Its lyrics speak of a Genoese emigrant to Latin America, who is thinking of coming back to his city. Notwithstanding his child's opposition, he finally goes back to Genoa.

==Recordings==
Other well known interpretations were that of Giuseppe Marzari and that, not sung but recited, of Gilberto Govi. In 1967 Mina reinterpreted the song. The song was also performed multiple times throughout the 1970s by Genoese quartet Ricchi e Poveri. "Ma se ghe penso" was also performed by Neapolitan singer Massimo Ranieri (together with Genoese showmen Luca Bizzarri and Paolo Kessisoglu) during the Sanremo Music Festival 2011.

== Lyrics ==
|
O l'êa partîo sensa 'na palanca, l'êa zâ trent'anni, fòrse anche ciù. O l'aveiva lotòu pe mette i dinæ a-a banca e poèisene un giorno vegnî in zù e fâse a palasinn-a e o giardinetto, co-o ranpicante, co-a cantinn-a e o vin, a branda atacâ a-i èrboi, a ûzo létto, pe dâghe 'na schenâ séia e matin. Ma o figgio o ghe dixeiva: «No ghe pensâ a Zêna, cöse ti ghe veu tornâ?!» Ma se ghe penso alôa mi veddo o mâ, veddo i mæ monti, a ciassa da Nonçiâ, riveddo o Righi e me s'astrenze o cheu, veddo a lanterna, a cava, lazù o Meu... Riveddo a-a séia Zêna iluminâ, veddo là a Fôxe e sento franze o mâ e alôa mi penso ancon de ritornâ a pösâ e òsse dôve ò mæ madonâ.

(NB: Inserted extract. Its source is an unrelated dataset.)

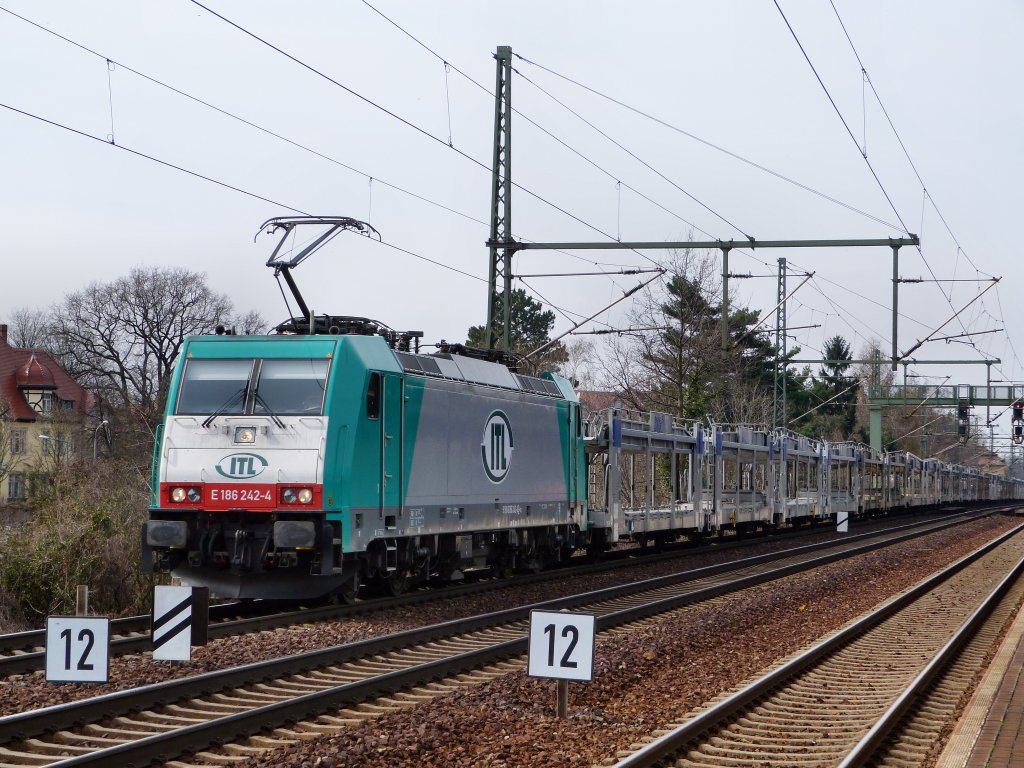 186 242 der ITL bringt ihre leeren Autotransportwagen zurück in Richtung Pirna.

E l'êa pasòu do tenpo, fòrse tròppo, o figgio o l'inscisteiva: «Stemmo ben, dôve ti veu andâ, papà?.. pensiêmo dòppo, o viâgio, o mâ, t'ê vêgio, no conven!». «Oh no, oh no! me sento ancon in ganba, son stùffo e no ne pòsso pròpio ciû, son stanco de sentî señor caramba, mi véuggio ritornâmene ancon in zù… Ti t'ê nasciûo e t'æ parlòu spagnòllo, mi son nasciûo zeneize e… no me mòllo!». Ma se ghe penso alôa mi veddo o mâ, veddo i mæ monti, a ciassa da Nonçiâ, riveddo o Righi e me s'astrenze o cheu, veddo a lanterna, a cava, lazù o Meu… Riveddo a-a séia Zêna iluminâ, veddo là a Fôxe e sento franze o mâ e alôa mi penso ancon de ritornâ a pösâ e òsse dôve ò mæ madonâ. E sensa tante cöse o l'é partîo e a Zêna o gh'à formòu torna o so nîo.
 |
He had left without a single penny, already thirty years ago, perhaps even more. He had struggled to put his money in a bank and to be able to come back some day and to build his little house and his little garden with a creeper, a cellar and the wine, with a hammock tied to the trees to use it as a bed, to rest on it in the evening and morning. But his son told him «Don't think about Genoa, do you really want to go back there?!» But if I think about it, then I see the sea, I see my mountains, the Annunziata square I see Righi again, and I feel a pang in my heart, I see the Lighthouse, the cave and the Dock down there… I see again Genoa by night, illuminated, I see the Mouth [of the Bisagno] on the shore and I hear the sea dashing, and then I think to go back again to lay my bones where my grandmother is. And a lot of time passed, perhaps too much, his son insisted: «We're fine here, where do you want to go, dad? we'll think about it later: the travel, the sea, you're old… better not to!» «Oh no, oh no! I'm still good to go, I'm fed up, I can't stand it anymore, I'm tired of hearing señor caramba I want to go back again there… You were born and spoke Spanish, I was born Genoan and… I don't give up!» But if I think about it, then I see the sea, I see my mountains, the Annunziata square, I see Righi again, and I feel a pang in my heart, I see the Lighthouse, the cave and the Dock down there… I see again Genoa by night, illuminated, I see the Mouth on the shore and I hear the sea dashing, and then I think to go back again to lay my bones where my grandmother is. And without any fuss he departed and in Genoa he built his nest again.